El año 2014 que llega – imprimirá la idéntica crisis en el ensombrecido panorama que padecemos - será la continuación de una marabunta política y social que tan nefasto resultado ha ido dando en cada uno de los sectores económicos a partir del siglo XXI.
No hace falta ir más adelante, con esta década atiborrada de padecimientos, es suficiente el colapso acrecentando proporcionalmente.
Se van a cumplir 24 años y parece que fue ayer. “No hay nada hecho por la mano del hombre que tarde o temprano el tiempo no destruya”, dijo Cicerón.
El Muro de Berlín ya no existe. La ciudad cometió un desliz: debería haber conservado ese armatoste de hierro y cemento como referencia a un pasado aterrador. Lo que no se ve, se diluye en la memoria.
Había una algarabía jovial en Berlín que merece ser recordada siempre: la “Love Parade” o festival del amor, comenzada tras el derribo del murallón divisorio entre las dos alemanias, con sus muertes a cuestas. Empezó siendo un desfile de doscientos muchachos semidesnudos en la avenida de Kurfürstendamm.
La canción de “Lili Marlen” en la voz de Marlene Dietrich, los jóvenes del multicolor desfile no la sabían, y aún así la entonan a recuento de un amor efervescente marchito de la posguerra.
Yo busqué la muerte, casi la encontré
nunca me escribiste, nunca te escribí
pero maté pensando en ti
jamás lloré, jamás reí
por ti Lili Marlene
por ti Lili Marlene
En esa urbe antiquísima levantada en una llanura inmensa – se escucha el silbido de la estepa - cada germánico o europeo puede escarbar en sus propias nostalgias.

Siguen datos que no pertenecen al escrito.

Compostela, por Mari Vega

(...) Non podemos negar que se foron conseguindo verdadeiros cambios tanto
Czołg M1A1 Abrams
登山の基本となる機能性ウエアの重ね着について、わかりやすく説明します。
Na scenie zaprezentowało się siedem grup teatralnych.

“El Berlín de Bismarck o de Hitler, el Berlín donde ondea la bandera roja o el Berlín donde resuenan las notas del Ángel Azul, el Berlín de Gropius o el de Gras”, nos iba tarareando con una musiquilla marcial, el guía que nos llevaba, casi en volandas,
La resistencia de sus habitantes está marcada por la historia reciente, y esa es la causa de que los edificios vanguardistas y modernos, el cine, los teatros y la puerta de Brandeburgo, punto álgido donde comienzan el Oriente y el Occidente, sean el encanto de una metrópoli de matices decadentes cuya razón de ser es perpetuar el libre albedrío en su más amplia acepción. Si se olvida, Bertolt Brecht vendrá y nos lo recordará en alguna de sus baladas.

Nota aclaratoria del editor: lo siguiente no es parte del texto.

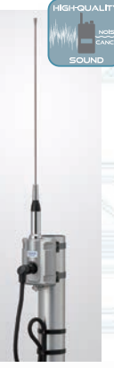
パイプ、バンド材は含まれません。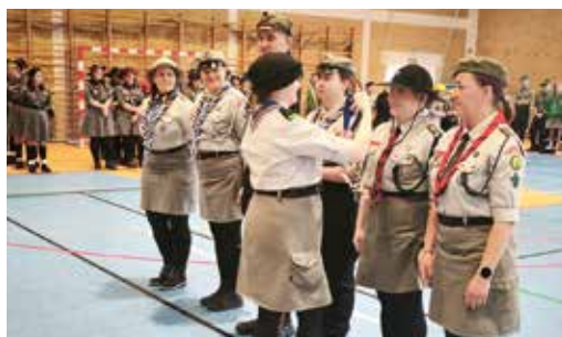
Wyróżniający się instruktorzy suwalskiego Hufca ZHP im. T. Lutostańskiego otrzymali wyróżnienia

Po mszy św. w konkatedrze pw. św. Aleksandra uczestnicy przemaszewali do sali gimnastycznej II Liceum Ogólnokształcącego im. gen. Z. Podhorskiego, gdzie podczas apelu wręczono hufcowe wyróżnienia, listy pochwalne oraz okolicznościowe gawerfony. Wszystko zakończyło się integracyjnym spotkaniem środowiskowym.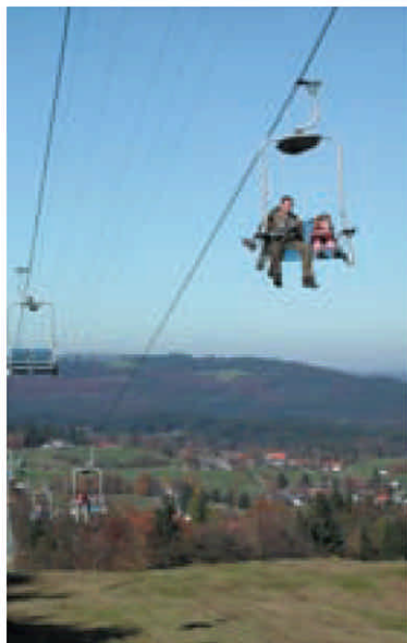
Gemütlich schwebt die Sesselbahn zu den drei Hörnle hinauf

Im Sommer wandern, im Winter rodeln. Das Hörnle ist zu allen Jahreszeiten ein attraktives Ziel für Familien. Gleich drei Gipfel können vom Hörnle-Plateau aus bestiegen werden: das Vordere, das Mittlere und das Hintere Hörnle. Ihre Namen tragen diese Berge zu Recht - wie Spitzkegel ragen sie auf und laden geradezu dazu ein, erklommen zu werden. Da sie nicht felsig sondern grasbedeckt sind, ist der Aufstieg auch für Kinder relativ ungefährlich. Mit der Hörnle-Schwebebahn - einem Doppelsessellift - gelangt man vom 900 Meter hoch gelegenen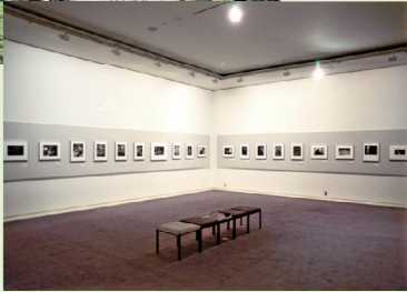
▶多くの逸品が並ぶコレクション展会場

茶道資料館 ちやどう 日本文化を体感する美術館。気負うことなくお点前を体験しよう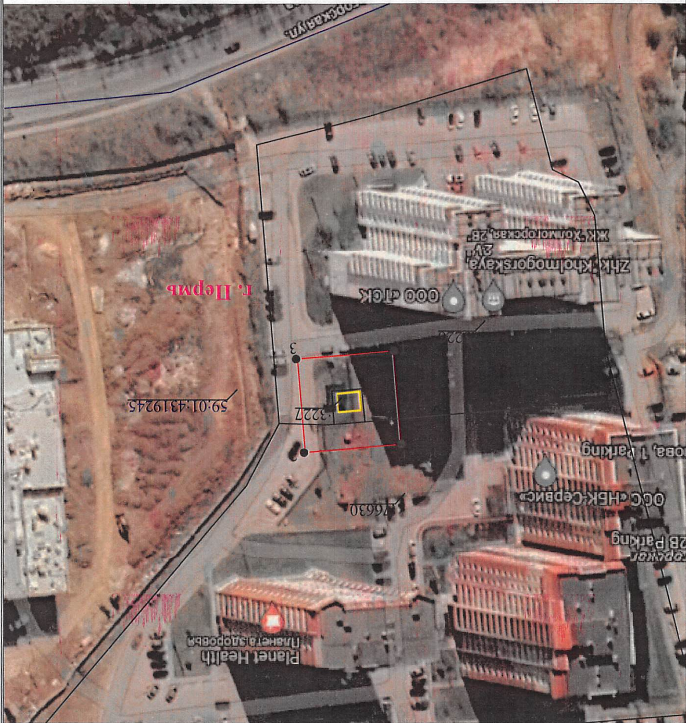
План границ объекта

El 9 de noviembre de 1989, hacia las 11 y 15 minutos de la noche, centenares de personas, la mayoría muchachos, acuden a los pasos fronterizos divisorios, y en tropel, cual si fueran una migración de aves en busca del calor del sur, avanzan a la parte oriental y rompen a tramos el muro.
Esa madrugada Europa central respiró el humanismo germinado en los cafés de Viena, Praga, Paris o Estocolmo envuelto en bocanadas de brisa idealista.

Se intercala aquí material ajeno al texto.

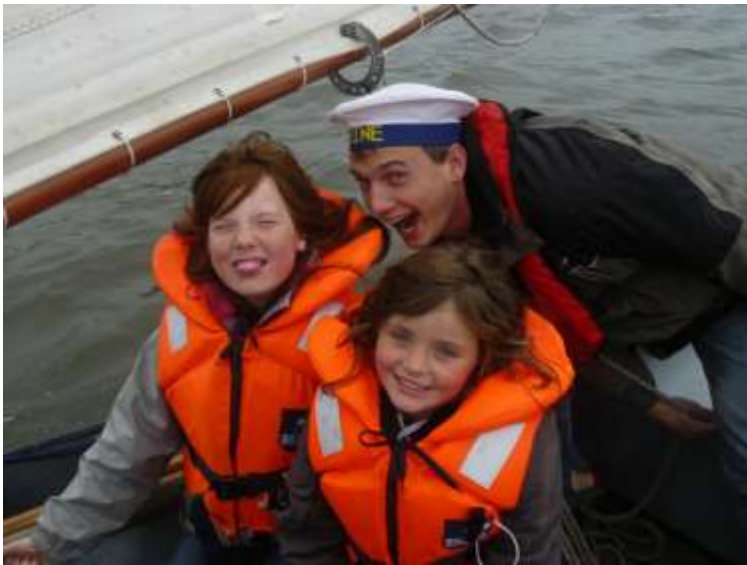
Gelukkig gaan plezier en veiligheid goed samen

Mocht het fout gaan dan kan een reddingsvest jouw leven redden. Om zeker te weten dat alle orka's over een goed reddingsvest beschikken maken wij gebruik van één vast type. Elke keer als je in een vlet of kano stapt zorg je dat je een reddingsvest bij je hebt. Wij zorgen dat er altijd een goed reddingsvest voor je aanwezig is.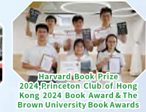
Harvard Book Prize 2024, Princeton Club of Hong Kong 2024 Book Award & The Brown University Book Awards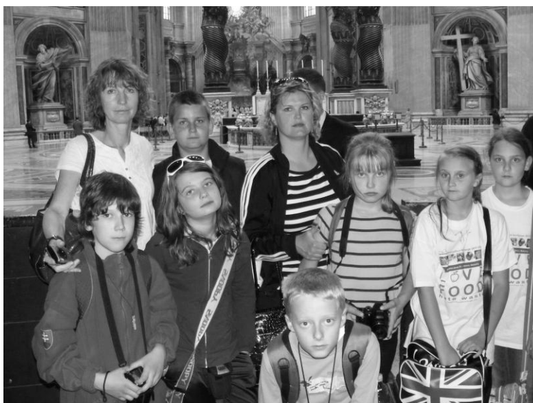
V Bazilike sv. Petra

Únavný, no zároveň úžasný deň. Nasledoval návrat do Piglia. Všetkých čakal posledný večer pred odchodom domov. A veru sa aj tešili. Bolo treba pobaliť batožinu, zamknúť kufre a čakať na ráno. Ranné prekvapenie? Malé námestie pri škole v Pigliu, kam sa slovenskí účastníci projektu išli rozlúčiť i podakovať, sa veľmi zmenilo. Tichá ulica ožila farebnými stánkami. Začal sa trh. Čerstvé ovocie, zelenina, syry, olivy, ryby a iné morské príšerky, ba aj oblečenie. Ešte kúpiť posledné drobnosti blízokým a prichádza chvíľa rozlúčky. Kde sa však zabudol autobus? Meškajúci šofér ukladá batožinu do útrobov autobusu. Posledné zamávanie... V nejednom oku sa zjaví slzička. Našu desiatku účastníkov zjazdu čaká presun na letisko. Všetko je perfektne načasované. Z autobusu ihneď vyhladať leteckú spoločnosť, kontrola dokladov, odovzdanie batožiny, osobná prehliadka, autobus, lietadlo... Viedeň. O hodinku sa všetci stretli so svojimi blízkymi.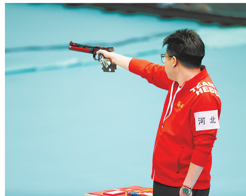
“老枪”庞伟在比赛中。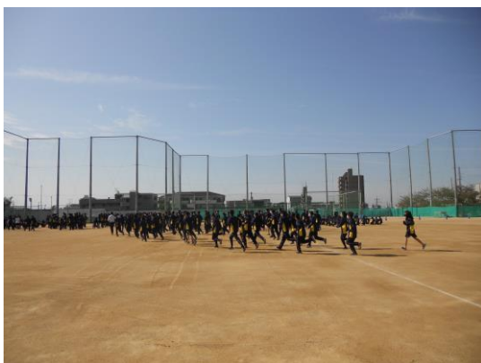
↑ 走ってグラウンドに避難している様子

ました。3年生、 2年生、1年生とも ほかひと はなし に他の人と話を すばや することなく素早 いどう く移動できていま した。とてもいい くんれん ねんせい おも 訓練になったと思 います。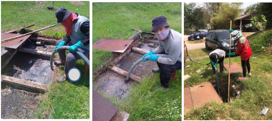
รูปที่ 1.6 การสูบล้างตะกอนออกจากระบบบำบัดไปกำจัด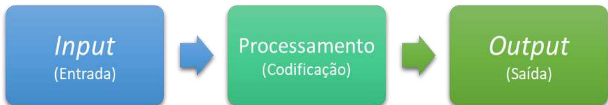
Figura 1 - Fluxo da informação no sistema de input, processamento e output.

Para Eysenck e Keane (2017), essa analogia é estabelecida ao comparar o processamento das informações pelos computadores ao processamento das informações humanas em um sistema denominado input (entrada), processamento e output (saída). No momento em que o indivíduo focaliza sua atenção sobre a informação, ela é recebida dos sentidos, nos estágios cognitivos (iniciais) em um processo denominado de input . Enquanto os processos de armazenamento compreendem tudo o que acontece com os estímulos internamente no cérebro e podem incluir a codificação e a manipulação dos estímulos, ele interpreta a entrada usando sua memória de curto de longo prazo e decide o quê, quando, onde e como o aprendiz responde ou utiliza a informação. Já o output envolve a ação ou ações que respondem à situação. Esse fluxo pode ser observado na Figura 1 a seguir: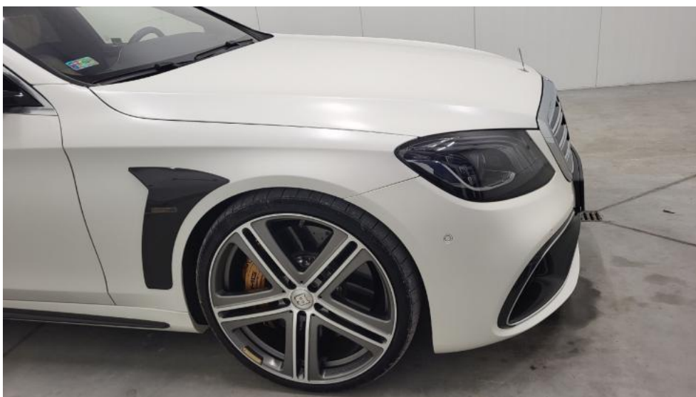
Photo 4. Bok prawy z przodu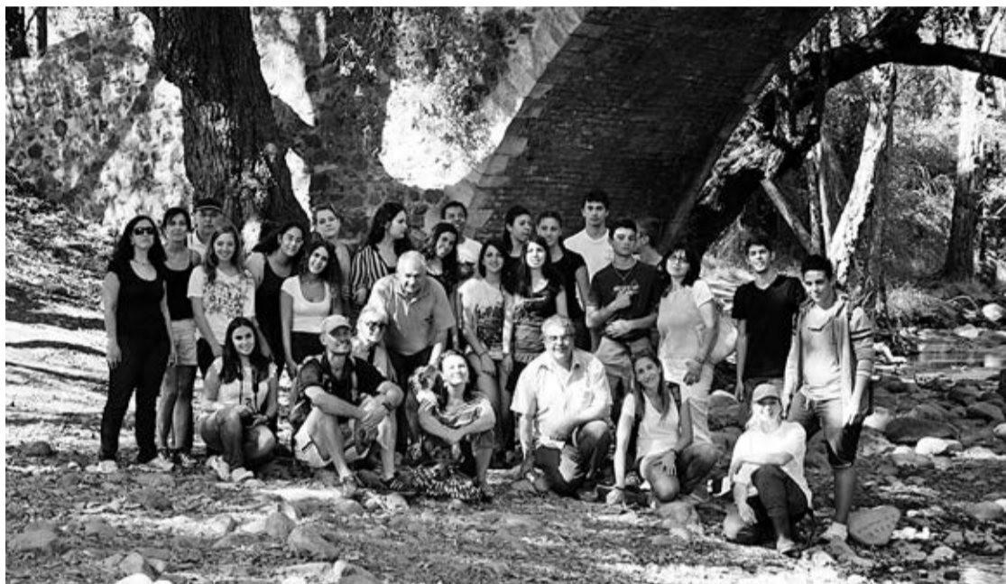
Parceiros reunidos junto a um rio no sul do Chipre

"Para além de permitir planear o trabalho, este primeiro encontro internacional foi fundamental para estabelecer laços entre as escolas participantes e para fortalecer dois dos pilares fundamentais do projecto que são o intercâmbio cultural/pedagógico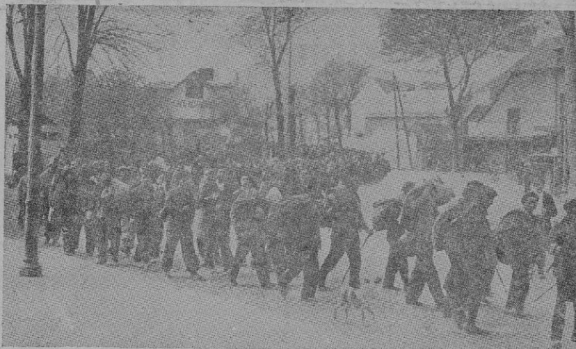
Otra vez los milicianos marxistas, restos del ejército rojo en derrota en el Valle de Arán, han irrumpido en Luchon, perturbando la tranquilidad en la pequeña villa pirenaica francesa. Esa larga columna de fugitivos que acaba de atravesar la frontera, se dirige a la Casa Consistorial, para ser identificados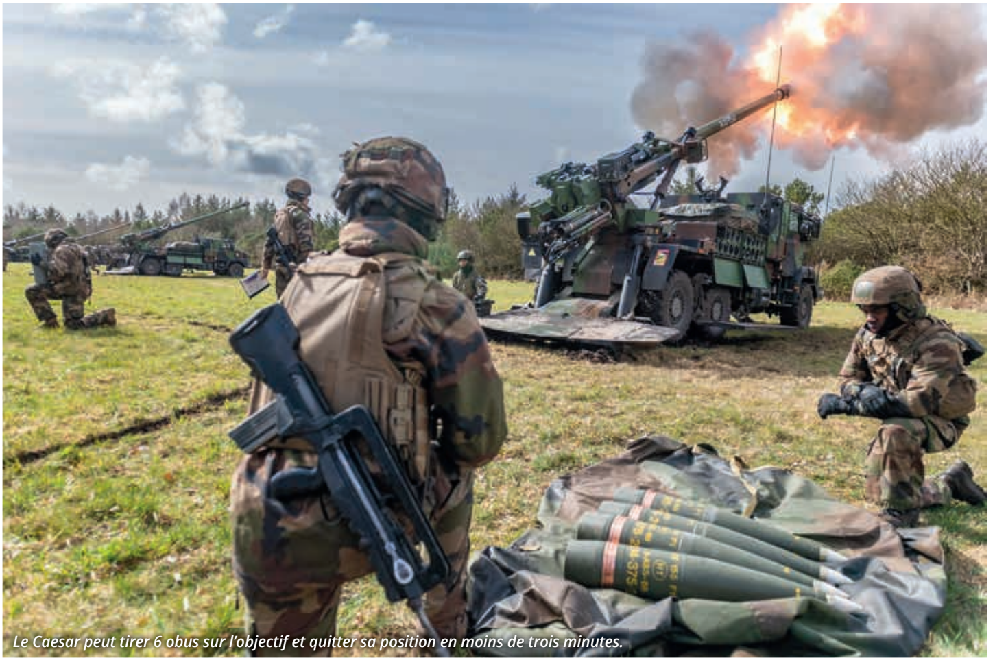
Le Caesar peut tirer 6 obus sur l'objectif et quitter sa position en moins de trois minutes.

Seuls la France, les États-Unis, le Danemark et la Pologne effectuent des manœuvres à tirs réels, pendant la phase du Live Fire Exercise .

En la primera “Parade” se expandieron afectos, abrazos efusivos, gritos a la vida, y un desprecio gutural al pasado reciente que dejó 50 millones de muertos en los campos del trigo, el gorrión de casero vuelo, la perdiz alicorta, los pinos negros y unos ríos que en lugar de agua, bajaban cubiertos en sangre.
El filme “La vida es bella”, película escrita, dirigida y protagonizada por el italiano Roberto Benigni, nos recuerda que la existencia humana es hermosa aún entre los cascajos de los muros.